▸ DATA PROVIDED
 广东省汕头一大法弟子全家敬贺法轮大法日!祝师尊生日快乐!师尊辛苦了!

...

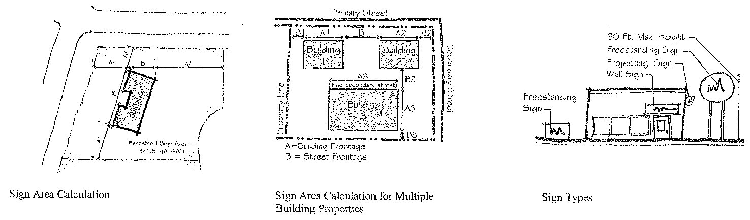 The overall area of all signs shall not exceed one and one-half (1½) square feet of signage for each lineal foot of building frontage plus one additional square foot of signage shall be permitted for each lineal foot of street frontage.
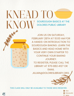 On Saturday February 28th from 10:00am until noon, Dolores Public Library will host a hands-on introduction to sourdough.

▸ TASK GOAL
Within the material above, find the part that opens with the line containing "The overall area" and closes with the line containing "On Saturday February", and reproduce it exactly without the pictures.

▸ WRITTEN ANSWER
 The overall area of all signs shall not exceed one and one-half (1½) square feet of signage for each lineal foot of building frontage plus one additional square foot of signage shall be permitted for each lineal foot of street frontage.
 On Saturday February 28th from 10:00am until noon, Dolores Public Library will host a hands-on introduction to sourdough.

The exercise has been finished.